Рассвет над морем - Юрий Смолич
Шрифт:
Интервал:
Закладка:
— Я получил приказ высшего командования и выполняю его. Но мне необходимо на эвакуацию две недели.
— Двое суток, — сказал Столяров. — Но имейте в виду: двое суток с момента нашей последней беседы с вами ночью. Следовательно, двенадцать часов первых суток уже миновало.
Генерал помолчал, затем спросил:
— На каком основании вы действуете так категорически?
Столяров ответил:
— Я получил приказ моего высшего командования и выполняю его.
Генерал снова помолчал, потом ответил запутанной в галантных выражениях фразой, содержание которой надо было понимать так:
— О, мосье! Я солдат, вы солдат, и мы один другого прекрасно понимаем: каждый из нас должен выполнять приказ своего высшего командования. Неумолимое течение жизни покажет вам, насколько реальны приказы высшего командования, сидящего в тылу, когда эти приказы выполняют солдаты на линии огня…

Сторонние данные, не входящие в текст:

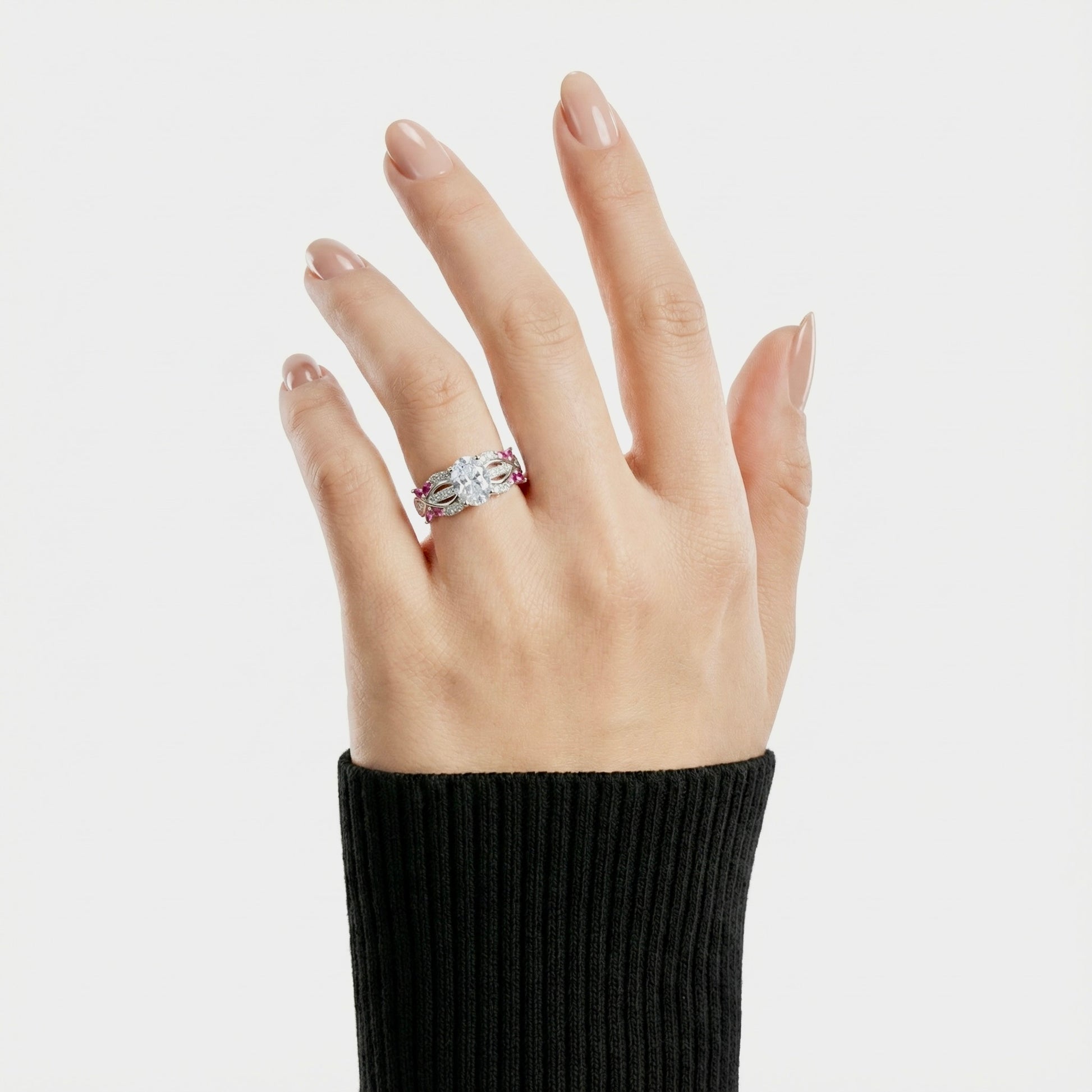 This elegant 925 silver ring features a sparkling oval centerpiece surrounded by shimmering cubic zirconia and beautiful pink marquise stones arranged in a floral pattern. The intricate design adds a feminine, luxurious touch, making it perfect for parties, gifting, and everyday elegance. Crafted in pure sterling silver, the ring offers a brilliant shine, smooth finish, and long-lasting comfort. A stunning choice for women who love unique and premium silver jewellery.

— Что ж, — согласился Столяров, — пусть будет так: пусть жизнь нас с вами проверяет.
Однако он не дал после этого отбоя, а продолжал:
— Среди наших требований было еще одно: немедленно возвратить нам Николая Ласточкина.
На этот раз генерал молчал долго. Наконец, он ответил растерянно:
— Я не имею возможности выполнить вашу просьбу: Николай Ласточкин умер…
— Мерзавцы! — не выдержав, вскрикнула Галя. — Ах, какие вы мерзавцы!
Она заплакала.
Столяров понял и без перевода. Поняли и все другие товарищи. Телефон стоял на столе председателя Совета, и коллегия народных комиссаров вместе с президиумом заседала в полном составе. Все молча поднялись и склонили головы.
Генерал там, на другом конце провода, говорил:
— Я выражаю свое соболезнование. Я только солдат, а контрразведка в боевой обстановке действует иногда самостоятельно. Я выражаю свое сожаление, контрразведка поторопилась… Тело Ласточкина — в море, где-то вблизи тюремного транспорта номер четыре.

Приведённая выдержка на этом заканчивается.